● EXERCISE INPUT
################

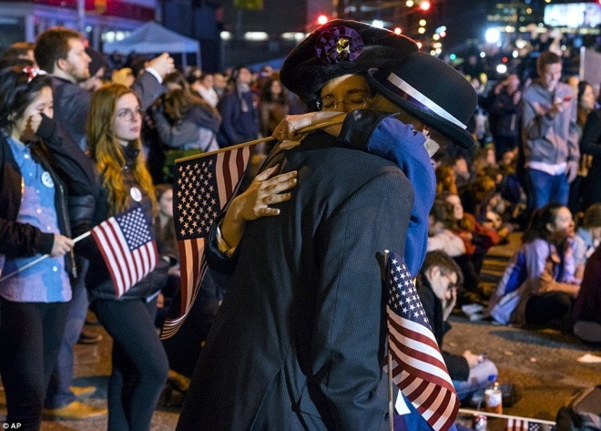 Cô con gái đang an ủi mẹ mình giữa đống hỗn độn bên ngoài trung tâm hội nghị Jacob Javis, nơi bà Clinton dự định tổ chức tiệc đêm bầu cử. Ảnh: AP
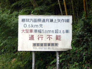 その表示はハッタリではなく、まもなく道幅が狭くなった。忘れた頃に退避場所が現れるが、それも数メートルの区間しか無い。
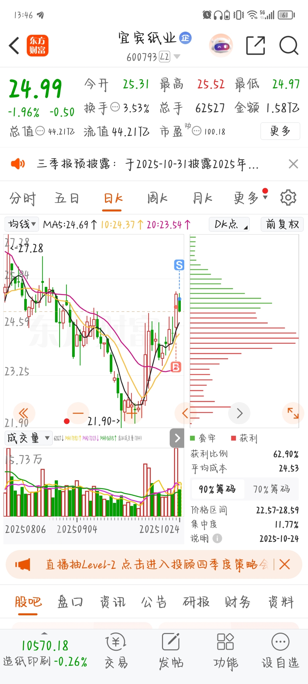 $宜宾纸业(SH600793)$ 占点小便宜,走了
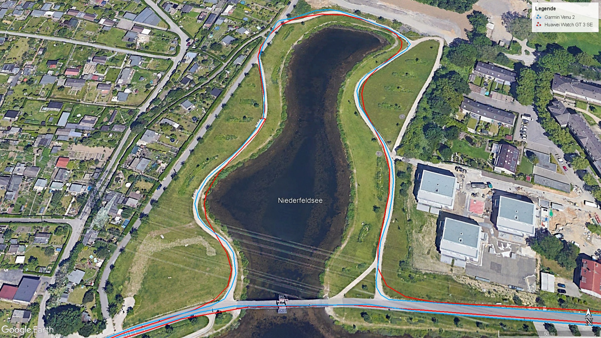 Secondo Huawei, l'indossabile è dotato di un chip di posizionamento GNSS ad alta precisione con cinque sistemi supportati. Come per la misurazione della frequenza cardiaca, tuttavia, il rilevamento GPS del Huawei Watch GT 3 SE non è così preciso come avremmo voluto. In questo caso, compete con il Garmin Venu 2 come modello di riferimento.
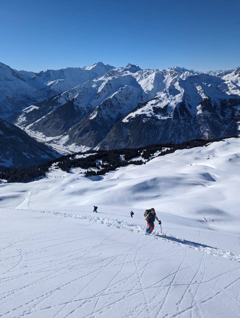 - Mastering the ski touring technique with its basics (skins, hairpin turns).

################

● THE PROBLEM
In the records above, locate the line containing "Secondo Huawei, l'indossabile", then copy exactly that line and every line after it through the end, omitting pictures.

● EXPECTED ANSWER
 Secondo Huawei, l'indossabile è dotato di un chip di posizionamento GNSS ad alta precisione con cinque sistemi supportati. Come per la misurazione della frequenza cardiaca, tuttavia, il rilevamento GPS del Huawei Watch GT 3 SE non è così preciso come avremmo voluto. In questo caso, compete con il Garmin Venu 2 come modello di riferimento.
 - Mastering the ski touring technique with its basics (skins, hairpin turns).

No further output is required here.